Maybe I didn't choose the appropriate words in my last post, but I consider an 'experiment' a trial, a pushing out of the envelope, something you do without the full benefit of hindsight, i.e. something you don't have a clear idea about. But that's just me; now maybe you were advised to use B/M Extender with a SW paint, or perhaps - just generically - to use a extender for your circumstances, we don't know, you didn't say...so why don't you tell us of the circumstances where you thought you had a handle on what was needed (i.e an extender') and why you chose B/M Extender to add to a SW paint - and why B/M Extender vs Floetrol or something else then maybe we could advise you better. We'd all like to learn from this, that's my point.

Look, I have no clue whether or not the two products reacted together in a chemical sense; I doubt it. But there is little doubt that they reacted the way they should, i.e. physically - so the extender kept the SW paint from coalescing for this amount of time. Two weeks is ridiculous. So something has toppled the normal coalescing time for a latex paint (which is something like a few hours) to a point where nothing coalesces and the paint remains in a monomeric state, meaning that a film hasn't formed at all...
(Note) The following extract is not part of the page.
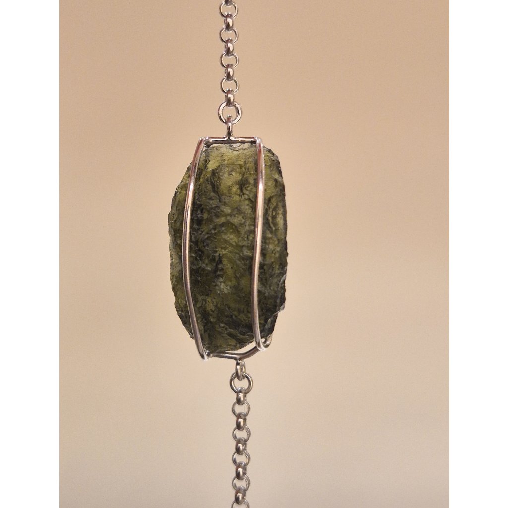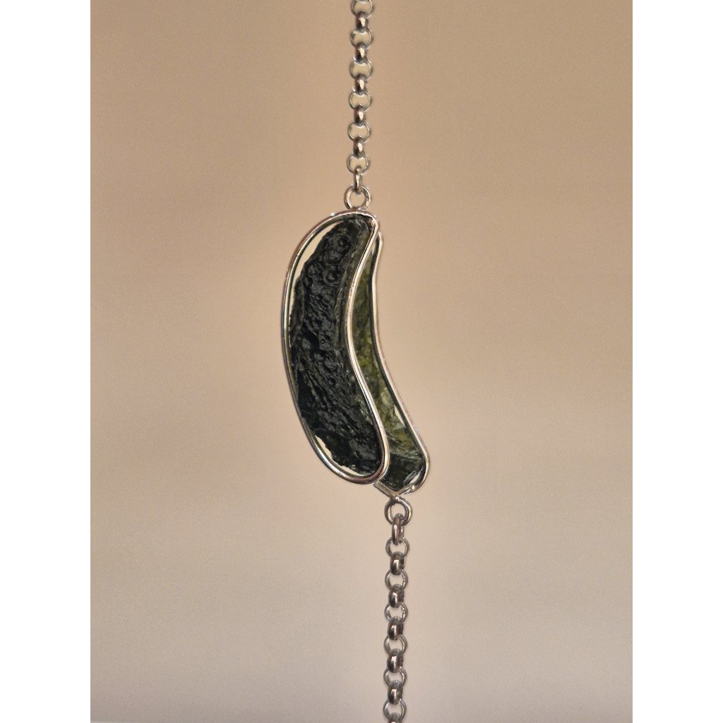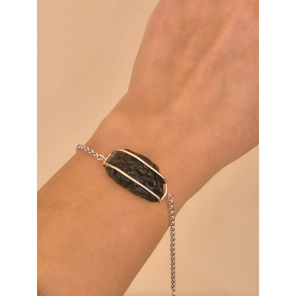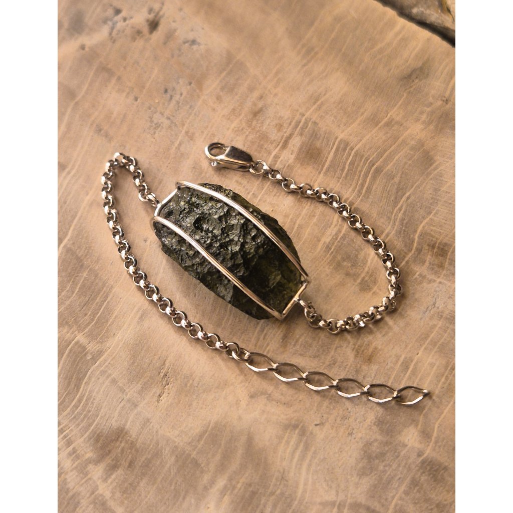 Stříbrný náramek s neopracovaným vltavínem spojuje surovou krásu přírody s jemností ručního zpracování. Každý kámen je originál, stejně jako Vy.

I love experiments; they add to the vast reservoir of knowledge that we accumulate from experience and research. However, each experiment has a set of parameters we don't know enough about - hence the need for one - and without some sort of boundary, we're just shooting in the dark. At best, you hope to advance a bit further down the road of the unknown and, at worst, you gain nothing and have to start from scratch.


----------



## BobSmitt (Aug 4, 2011)

ccarlisle said:


> Bob:
> 
> Maybe I didn't choose the appropriate words in my last post, but I consider an 'experiment' a trial, a pushing out of the envelope, something you do without the full benefit of hindsight, i.e. something you don't have a clear idea about. But that's just me; now maybe you were advised to use B/M Extender with a SW paint, or perhaps - just generically - to use a extender for your circumstances, we don't know, you didn't say...so why don't you tell us of the circumstances where you thought you had a handle on what was needed (i.e an extender') and why you chose B/M Extender to add to a SW paint - and why B/M Extender vs Floetrol or something else then maybe we could advise you better. We'd all like to learn from this, that's my point.
> 
> ...


I didn't mean to suggest that the BM Extender didn't cause it either, but I was getting the impression that everyone just assumed that was the cause and closed the case in their minds.

I used the extender because it was pretty hot and I was having problems with keeping a wet edge long enough to prevent uneven sheen. I already had the Extender and didn't have any Floetrol. My choice at the moment was water or BM Extender.

I'm frustrated by the inability of written language to communicate exactly what's happening here, but the paint isn't wet in any sense of the word. If you just lightly run your hand across it you'd never notice anything amiss. Only when firm pressure is applied will you get the blocking. If this were a shelf books would stick pretty badly, but you wouldn't be able to feel it just by touching it.


----------



## ccarlisle (Jul 2, 2008)

Oh, I see; well then it sounds like the latex paint is just taking it's own sweet time to dry, especially with the extender added in...Latexes dry fast but cure slow, so on it's own it might have dried by now. But someone elses extender might have just slowed down the drying process enough to give you exaggerated results.

Again, no solution - but let it dry for another two weeks if you can. Good luck!


----------



## chrisn (Dec 23, 2007)

ccarlisle said:


> Oh, I see; well then it sounds like the latex paint is just taking it's own sweet time to dry, especially with the extender added in...Latexes dry fast but cure slow, so on it's own it might have dried by now. But someone elses extender might have just slowed down the drying process enough to give you exaggerated results.
> 
> Again, no solution - but let it dry for another two weeks if you can. Good luck!


That's what I would do also.I have to say, it was impressive that the two of you held it together and had a gentlemanly give and take conversation without going ballistic on one another, good job!:thumbsup::yes:


----------



## 1910NE (Sep 5, 2010)

I had a similar issue this summer with Duration exterior latex. Seemed to take a very long time to dry..


----------